Supported opposite-strand protocols (for metagene) #23

sarahhcarl · 2018-03-13T15:29:31Z

Hi Plastid team,

I have found a lot of the functionality provided by plastid very useful, but I got frustratingly stuck today when I was trying to run metagene count on data originating from a stranded protocol that produces reads on the opposite of the original strand. I know in your FAQ you suggest reverse-complementing the reads and re-aligning them, but honestly I feel like this is a lot more work than necessary, especially for a big project with many samples.

This issue was almost a deal-breaker for me, but then I realized I could get the same effect by simply reversing the strand of all of my window annotations in my ROI file. I did it with sed, but it would seem to be a pretty straightforward feature to add as a parameter in the actual command, either at the stage of generating the ROI or on the fly during counting. Such a feature would be a relatively easy way to expand usage of plastid by supporting a large number of users with this type of data.

Thanks!
Sarah

joshuagryphon · 2018-03-13T18:48:09Z

Hi @sarahhcarl ,

Thank you for your thoughts. I agree that re-aligning and reprocessing is more work than it is worth, especially for large datasets, and especially when dUTP-based and other reverse-strand sequencing methodologies are common.
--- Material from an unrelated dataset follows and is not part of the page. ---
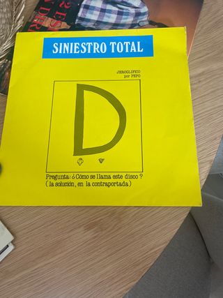 Vinilo del grupo Siniestro Total. - Portada con diseño Jeroglífico por Pepo. - Pregunta en portada: ¿Cómo se llama este disco? (la solución, en la contraportada).

I have written kind of a long post in response (below); the TLDR is, I have been thinking about how to do this for a while, and am taking suggestions on how best to support this. Please read on if you have thoughts!

Thanks & best,
Josh

There are a couple of reasons we haven't included a strand-flipping function yet — even though I actually started working on it two years ago (!), without finishing it — but the main theme is that we haven't figured out the best way to solve the problem, "best" meaning:

in the least annoying way possible from a user's point of view
in a way that is most consistent throughout the code base, so that we don't surprise ourselves by creating counterintuitive behaviors in existing or future functionality

If you have thoughts on how best to do this, I welcome your feedback. Here's what I have been considering:

As you note, this sort of flipping functionality could be accomplished by flipping the strands of (a) features (e.g. genes, as you did), (b) read alignments, or (c) enabling both, allowing the user to choose.
- Code-wise, flipping the features is the fastest, easiest, and most isolated
- However, flipping reads seems to be the most intuitive (at least to me), because as a biologist, I think of reads as deriving from a given mRNA or strand of DNA, and want the reads to be represented on that strand in e.g. a genome browser, or in other analyses.
If we go with the read flipping strategy, there are a bunch of places where code changes could be made to support that feature:
- in the mapping functions (what I'm leaning towards). This would be the most explicit, and, philosophically, is most in tune with Plastid's data model. But doing so would mess up functionality / require code duplication in Plastid's BAMGenomeArray, among other places
- inside the various classes of GenomeArray objects. This would result in fewer code changes, and cleaner code overall, but probably makes less sense to the user because flipping the strand is really in the purview of the mapping function.
- inside the script itself, like metagene. I'd rather not do this, because (a) the feature would have to be duplicated across all of the scripts, and (b) the feature wouldn't be usable inside interactive environments (e.g. Jupyter notebooks, which a lot of people use)
When implementing this feature, I want to solve another related problem (and a common ask), to support reads from legacy unstranded sequencing protocols. To minimize risk of having to make breaking changes later on, it makes sense to come up with a design that deals with both of these issues holistically, and I don't have a sense of what the best set of behaviors would be.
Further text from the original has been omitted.